From: Levantovsky, Vladimir <Vladimir.Levantovsky@MonotypeImaging.com>
Date: Fri, 24 Jul 2009 02:11:14 -0400
Message-ID: <E955AA200CF46842B46F49B0BBB83FF297EC98@wil-email-01.agfamonotype.org>
To: "John Hudson" <tiro@tiro.com>
Cc: <www-font@w3.org>
Hello John,

On Thursday, July 23, 2009 11:41 PM John Hudson wrote:
> 
> Vladimir wrote:
> 
> > I made a promise on this list on behalf of Monotype Imaging to offer
> > unrestricted, GPL-compatible, royalty-free license for MTX
> compression
> > technology and the use of patents associated with it.
> 
> Can you explain what you mean by 'GPL-compatible', please? Some
> colleagues were expressing doubt that GPL would be suitable for the
> kind
> of license that would enable flexible use of MTX, i.e. without putting
> GPL requirements onto developers implementing MTX in their software.
It
> has been suggested that something like an MIT license would be better.
> But perhaps by 'GPL-compatible' you don't mean GPL itself, but only
> something that ensures that the license is unrestricted and royalty-
> free.
> 

This is exactly what I mean by saying that license will be
"GPL-compatible". Mozilla stated that the "field of use restriction"
allowed by W3C patent license is a blocking issue for them, and Monotype
has agreed not to invoke this restriction and provide an unrestricted
royalty-free license if MTX technology is adopted as a part of W3C
Recommendation.

> I'm sure there are plenty of people more qualified than me to advise
on
> the best license model, but I thought I would mention this to ensure
> that there is no misunderstanding about the commitment you have made.
> 

Thank you, I understand your concerns.

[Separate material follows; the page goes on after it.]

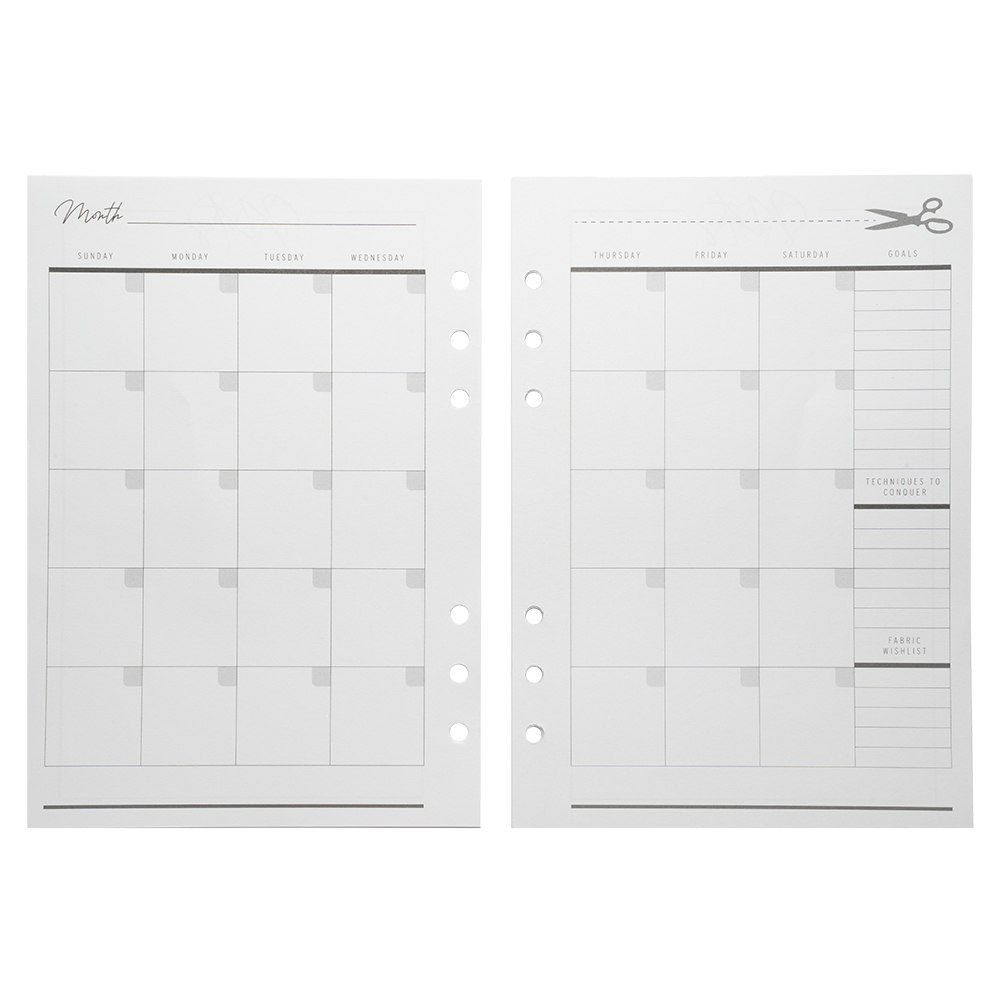 Keep up your organizational streak with our Mood Designer Sewing Planner Undated Monthly Calendar Refills! This package contains 12 undated monthly calendars, each stretching across two pages so you can see them while your planner lays flat—for a total of 24 pages—with the backs of the pages featuring dot grids for notes. Designed for the Mood Designer Sewing Planner, these pages (each measuring about 5.82 inches by 8.26 inches) fit a standard 6-ring A5 binder for maximum versatility, perfect for the designer on the go.A new year can start whenever you’re ready to get organized thanks to these undated pages, with plenty of space and flexibility for designers, students, home sewists, and more! If you need more project planning space, we’ve got Project Page Refills, too!

Monotype will work with all
interested parties to come up with the license that would satisfy all
parties involved.

> > The offer is
> > unequivocal, and is contingent only on the adoption of the
technology
> as
> > part of a web font solution (any solution, whether EOT or its
> > derivative, or any future webfont solution).
> 
> What does this contingency look like? What is necessary to satisfy
this
> condition? This is this is the aspect that seems vague to me and
> perhaps
> to others, and might give the impression to some that Monotype's
> commitment is conditional on something that has not be adequately
> defined.
> 

Monotype's commitment is part of our joint submission of EOT to W3C [1],
and is made according to the W3C patent policy requirements [2].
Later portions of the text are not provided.